How FutureAGI Handles the Contextual Recall Metric

FutureAGI’s approach is to ship fi.evals.ContextRecall as a local metric usable across surfaces: notebook for ad-hoc analysis, Dataset.add_evaluation for offline regression, and trace-evaluator for live monitoring. Inputs are the user query, the retrieved contexts, and a reference answer. The evaluator decomposes the reference into atomic claims via an LLM judge, checks each claim against the retrieved chunks, and returns a 0–1 recall score plus the per-claim breakdown — so you see which claims were missed, not just the aggregate.

A concrete example: a customer-support RAG team is investigating a hallucination spike. They run ContextRecall and ContextPrecision against the last 1,000 traces. Precision is healthy at 0.87 median; recall has dropped from 0.79 to 0.61 over the past two weeks. The per-claim breakdown shows the missed claims cluster around product-spec details that recently shipped to the knowledge base under a new schema. The retriever was tuned on the old schema. The fix is a ChunkAttribution audit, a re-index, and a regression eval gate on a frozen Dataset of historical multi-fact questions.

We have found that contextual recall is the most reliable leading indicator of hallucinations from under-retrieval — measure it before you blame the model.

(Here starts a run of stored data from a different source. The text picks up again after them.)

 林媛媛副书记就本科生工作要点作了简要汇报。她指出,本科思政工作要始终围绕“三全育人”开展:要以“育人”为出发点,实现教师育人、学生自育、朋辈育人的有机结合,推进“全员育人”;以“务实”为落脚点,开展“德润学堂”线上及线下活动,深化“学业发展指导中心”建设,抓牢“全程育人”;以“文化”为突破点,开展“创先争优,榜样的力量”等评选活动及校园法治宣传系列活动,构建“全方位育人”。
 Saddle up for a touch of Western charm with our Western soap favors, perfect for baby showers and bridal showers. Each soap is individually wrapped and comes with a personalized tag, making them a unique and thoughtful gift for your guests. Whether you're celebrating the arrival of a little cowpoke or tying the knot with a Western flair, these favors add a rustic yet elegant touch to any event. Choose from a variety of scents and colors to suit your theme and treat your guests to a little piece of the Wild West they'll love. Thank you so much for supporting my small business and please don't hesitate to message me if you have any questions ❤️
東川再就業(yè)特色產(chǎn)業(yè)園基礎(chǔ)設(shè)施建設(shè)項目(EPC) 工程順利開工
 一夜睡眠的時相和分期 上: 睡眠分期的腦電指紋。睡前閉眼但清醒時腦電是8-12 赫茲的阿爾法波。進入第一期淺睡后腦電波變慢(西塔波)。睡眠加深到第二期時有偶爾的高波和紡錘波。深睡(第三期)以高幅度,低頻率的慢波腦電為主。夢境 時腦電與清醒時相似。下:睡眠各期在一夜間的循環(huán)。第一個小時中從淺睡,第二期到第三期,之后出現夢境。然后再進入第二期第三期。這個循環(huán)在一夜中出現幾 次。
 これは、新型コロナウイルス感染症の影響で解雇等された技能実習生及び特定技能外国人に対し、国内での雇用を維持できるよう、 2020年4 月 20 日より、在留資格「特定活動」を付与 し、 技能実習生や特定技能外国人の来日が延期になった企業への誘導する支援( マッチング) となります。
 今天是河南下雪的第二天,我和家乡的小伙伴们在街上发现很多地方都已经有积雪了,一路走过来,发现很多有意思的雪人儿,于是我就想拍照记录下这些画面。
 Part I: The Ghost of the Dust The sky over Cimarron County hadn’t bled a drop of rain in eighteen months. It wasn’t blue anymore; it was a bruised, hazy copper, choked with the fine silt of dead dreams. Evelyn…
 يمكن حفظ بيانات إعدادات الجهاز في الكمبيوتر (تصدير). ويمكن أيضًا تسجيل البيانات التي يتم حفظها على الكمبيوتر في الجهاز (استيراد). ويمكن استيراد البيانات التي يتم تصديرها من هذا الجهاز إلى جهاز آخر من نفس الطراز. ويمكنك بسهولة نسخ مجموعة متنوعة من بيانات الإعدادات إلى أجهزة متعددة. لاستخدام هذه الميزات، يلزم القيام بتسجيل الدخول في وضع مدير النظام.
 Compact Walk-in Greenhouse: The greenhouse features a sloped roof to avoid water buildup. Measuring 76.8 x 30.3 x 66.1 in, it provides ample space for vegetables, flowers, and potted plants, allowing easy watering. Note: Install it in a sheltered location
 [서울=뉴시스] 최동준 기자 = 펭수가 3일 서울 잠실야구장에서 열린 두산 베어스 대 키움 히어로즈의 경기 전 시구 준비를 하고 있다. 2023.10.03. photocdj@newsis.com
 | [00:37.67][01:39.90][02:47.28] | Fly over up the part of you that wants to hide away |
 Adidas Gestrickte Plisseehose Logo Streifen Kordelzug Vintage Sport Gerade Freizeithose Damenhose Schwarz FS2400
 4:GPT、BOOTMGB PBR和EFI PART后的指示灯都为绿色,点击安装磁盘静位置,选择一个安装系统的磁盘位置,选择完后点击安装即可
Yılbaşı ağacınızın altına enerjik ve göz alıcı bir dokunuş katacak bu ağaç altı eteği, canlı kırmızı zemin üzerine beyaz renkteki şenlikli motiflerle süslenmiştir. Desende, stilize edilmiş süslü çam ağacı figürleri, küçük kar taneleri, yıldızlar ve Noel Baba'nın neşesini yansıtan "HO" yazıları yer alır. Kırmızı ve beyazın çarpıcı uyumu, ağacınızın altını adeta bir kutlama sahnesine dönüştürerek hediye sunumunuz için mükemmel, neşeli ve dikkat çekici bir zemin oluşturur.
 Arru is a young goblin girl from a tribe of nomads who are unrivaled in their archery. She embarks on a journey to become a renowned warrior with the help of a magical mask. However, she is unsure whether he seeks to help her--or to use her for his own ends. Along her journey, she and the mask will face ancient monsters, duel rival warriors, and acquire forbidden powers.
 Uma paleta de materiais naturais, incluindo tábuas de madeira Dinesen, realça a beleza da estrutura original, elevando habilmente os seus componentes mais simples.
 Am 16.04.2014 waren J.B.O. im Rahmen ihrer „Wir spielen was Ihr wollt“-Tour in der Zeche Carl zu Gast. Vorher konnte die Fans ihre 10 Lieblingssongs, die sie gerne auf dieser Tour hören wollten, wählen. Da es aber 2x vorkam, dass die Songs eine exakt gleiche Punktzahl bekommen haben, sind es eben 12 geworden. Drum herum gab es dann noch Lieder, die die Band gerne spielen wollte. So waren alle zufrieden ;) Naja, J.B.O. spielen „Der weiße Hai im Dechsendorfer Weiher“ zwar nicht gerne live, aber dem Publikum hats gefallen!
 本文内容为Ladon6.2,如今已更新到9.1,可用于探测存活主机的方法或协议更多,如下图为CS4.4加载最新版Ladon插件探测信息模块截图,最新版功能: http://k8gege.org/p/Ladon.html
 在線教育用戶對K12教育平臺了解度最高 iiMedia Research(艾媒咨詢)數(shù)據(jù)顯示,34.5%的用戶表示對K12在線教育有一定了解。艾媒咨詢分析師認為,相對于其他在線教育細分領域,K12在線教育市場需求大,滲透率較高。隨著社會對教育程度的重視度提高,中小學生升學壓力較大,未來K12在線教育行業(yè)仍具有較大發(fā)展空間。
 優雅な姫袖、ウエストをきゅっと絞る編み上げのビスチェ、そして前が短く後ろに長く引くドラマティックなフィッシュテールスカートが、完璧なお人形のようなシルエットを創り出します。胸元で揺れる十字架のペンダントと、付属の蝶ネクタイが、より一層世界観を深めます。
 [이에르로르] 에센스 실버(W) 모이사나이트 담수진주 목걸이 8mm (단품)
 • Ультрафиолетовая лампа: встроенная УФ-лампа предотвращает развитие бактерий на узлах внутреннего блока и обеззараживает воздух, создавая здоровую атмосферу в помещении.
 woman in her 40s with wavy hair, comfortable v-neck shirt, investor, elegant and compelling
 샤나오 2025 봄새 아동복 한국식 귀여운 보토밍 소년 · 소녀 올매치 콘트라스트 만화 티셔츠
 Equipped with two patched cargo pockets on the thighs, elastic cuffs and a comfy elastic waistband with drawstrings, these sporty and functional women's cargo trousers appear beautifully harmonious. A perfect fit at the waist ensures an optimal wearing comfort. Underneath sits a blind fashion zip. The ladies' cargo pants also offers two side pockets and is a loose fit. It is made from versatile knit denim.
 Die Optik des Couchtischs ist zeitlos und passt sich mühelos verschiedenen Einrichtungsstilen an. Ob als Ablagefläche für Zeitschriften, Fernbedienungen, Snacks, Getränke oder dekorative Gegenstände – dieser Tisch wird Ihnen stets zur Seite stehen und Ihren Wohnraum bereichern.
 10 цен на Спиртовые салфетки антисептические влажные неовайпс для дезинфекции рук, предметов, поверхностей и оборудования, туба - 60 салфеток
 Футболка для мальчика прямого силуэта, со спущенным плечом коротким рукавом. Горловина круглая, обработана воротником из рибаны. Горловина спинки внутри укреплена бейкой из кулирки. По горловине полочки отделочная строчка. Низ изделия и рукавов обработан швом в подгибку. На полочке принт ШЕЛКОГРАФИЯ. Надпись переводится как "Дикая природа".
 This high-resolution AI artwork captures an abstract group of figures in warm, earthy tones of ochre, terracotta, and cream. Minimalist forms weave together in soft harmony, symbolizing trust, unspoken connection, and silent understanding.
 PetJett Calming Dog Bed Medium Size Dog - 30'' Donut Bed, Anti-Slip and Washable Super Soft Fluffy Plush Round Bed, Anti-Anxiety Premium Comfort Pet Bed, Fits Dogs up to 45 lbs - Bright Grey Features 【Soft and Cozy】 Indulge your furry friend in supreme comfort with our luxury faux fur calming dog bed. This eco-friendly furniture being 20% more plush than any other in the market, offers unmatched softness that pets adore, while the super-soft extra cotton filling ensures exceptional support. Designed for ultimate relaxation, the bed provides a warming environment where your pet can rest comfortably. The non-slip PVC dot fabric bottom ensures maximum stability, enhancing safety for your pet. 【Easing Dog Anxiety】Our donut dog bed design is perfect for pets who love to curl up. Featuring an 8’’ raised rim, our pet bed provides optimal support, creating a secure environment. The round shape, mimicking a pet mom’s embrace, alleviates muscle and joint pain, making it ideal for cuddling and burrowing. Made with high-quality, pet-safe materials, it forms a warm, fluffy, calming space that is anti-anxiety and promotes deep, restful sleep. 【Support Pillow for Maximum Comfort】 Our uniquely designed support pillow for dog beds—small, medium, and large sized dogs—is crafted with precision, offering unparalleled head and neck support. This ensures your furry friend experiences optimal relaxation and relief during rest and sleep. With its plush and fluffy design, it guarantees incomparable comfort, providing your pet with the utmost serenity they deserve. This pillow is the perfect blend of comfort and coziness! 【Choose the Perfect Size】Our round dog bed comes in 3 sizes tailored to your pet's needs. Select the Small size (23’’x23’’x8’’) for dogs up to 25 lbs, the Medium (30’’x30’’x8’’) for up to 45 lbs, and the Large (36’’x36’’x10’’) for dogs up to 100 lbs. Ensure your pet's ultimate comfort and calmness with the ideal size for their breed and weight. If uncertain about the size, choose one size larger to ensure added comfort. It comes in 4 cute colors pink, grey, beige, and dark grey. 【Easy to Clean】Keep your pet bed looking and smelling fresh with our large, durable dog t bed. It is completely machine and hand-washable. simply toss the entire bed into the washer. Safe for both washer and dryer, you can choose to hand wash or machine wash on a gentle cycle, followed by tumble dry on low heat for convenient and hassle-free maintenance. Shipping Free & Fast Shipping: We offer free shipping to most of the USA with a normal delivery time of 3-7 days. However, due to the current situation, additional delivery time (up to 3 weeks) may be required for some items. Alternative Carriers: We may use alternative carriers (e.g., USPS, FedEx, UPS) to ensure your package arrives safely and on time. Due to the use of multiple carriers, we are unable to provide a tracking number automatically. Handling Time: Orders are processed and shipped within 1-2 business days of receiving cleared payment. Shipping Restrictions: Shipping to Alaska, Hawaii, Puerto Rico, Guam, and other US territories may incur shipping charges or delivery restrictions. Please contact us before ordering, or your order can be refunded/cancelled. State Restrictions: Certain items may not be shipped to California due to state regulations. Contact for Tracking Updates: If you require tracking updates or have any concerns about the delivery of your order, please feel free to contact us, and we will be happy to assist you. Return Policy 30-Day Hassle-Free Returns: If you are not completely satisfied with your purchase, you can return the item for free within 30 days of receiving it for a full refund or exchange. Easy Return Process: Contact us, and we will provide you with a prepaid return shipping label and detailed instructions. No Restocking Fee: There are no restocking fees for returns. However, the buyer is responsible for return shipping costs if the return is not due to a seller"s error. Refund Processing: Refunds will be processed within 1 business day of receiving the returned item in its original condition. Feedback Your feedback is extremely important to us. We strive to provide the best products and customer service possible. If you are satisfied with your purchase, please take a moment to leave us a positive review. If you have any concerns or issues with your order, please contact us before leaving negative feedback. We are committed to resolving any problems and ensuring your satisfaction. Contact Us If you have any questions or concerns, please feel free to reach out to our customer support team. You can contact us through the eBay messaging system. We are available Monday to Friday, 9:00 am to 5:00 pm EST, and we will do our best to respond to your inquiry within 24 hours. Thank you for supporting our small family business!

How to Measure or Detect It

Wire up the contextual recall metric:

  • fi.evals.ContextRecall — atomic-claim recall score against the retrieved contexts.
  • fi.evals.ContextEntityRecall — entity-level retrieval completeness, useful for KG-backed RAG.
  • fi.evals.RecallAtK — fraction of relevant items appearing in top K.
  • fi.evals.ChunkAttribution — which retrieved chunks the model actually used.
  • Per-claim recall breakdown — surface which claims the retrieval missed.
from fi.evals import ContextRecall

result = ContextRecall().evaluate([{
    "query": "What's covered by the warranty?",
    "contexts": [
        "Warranty covers parts and labor for 12 months.",
        "Shipping is free over $50.",
    ],
    "reference": "Parts and labor are covered for 12 months; battery for 6 months."
}])
print(result.eval_results[0].output, result.eval_results[0].reason)

Common Mistakes

  • Measuring recall as a single number. The per-claim breakdown is what tells you which retrieval gap to fix.
  • Tuning recall in isolation. A 1.0-recall retriever that returns 50 chunks costs more, fits less in context, and ranks worse — read recall and precision together.
  • Skipping recall when answer accuracy looks fine. Tail-quality regressions hide inside healthy averages.
  • Using a static eval set as the world. Knowledge bases drift; refresh the recall benchmark on the same cadence as the index.
  • Confusing context recall with context utilization. Recall asks “did you retrieve it?” Utilization asks “did the model use it?”

Frequently Asked Questions

What is the contextual recall metric?

It is a RAG metric that scores retrieval completeness — whether the retriever returned all the chunks needed to support the reference answer. It typically decomposes the answer into atomic claims and checks each against the retrieved chunks.

How is contextual recall different from contextual precision?

Recall asks 'of all the relevant chunks that exist, how many did you return?' Precision asks 'of the chunks you returned, how well are they ranked?' Recall tunes the retriever; precision tunes the reranker.

How do you measure the contextual recall metric?

Run `fi.evals.ContextRecall` against a query, the retrieved contexts, and a reference answer; the evaluator decomposes the reference into atomic claims and checks each against the contexts. Pair with `ContextPrecision` for a complete retrieval view.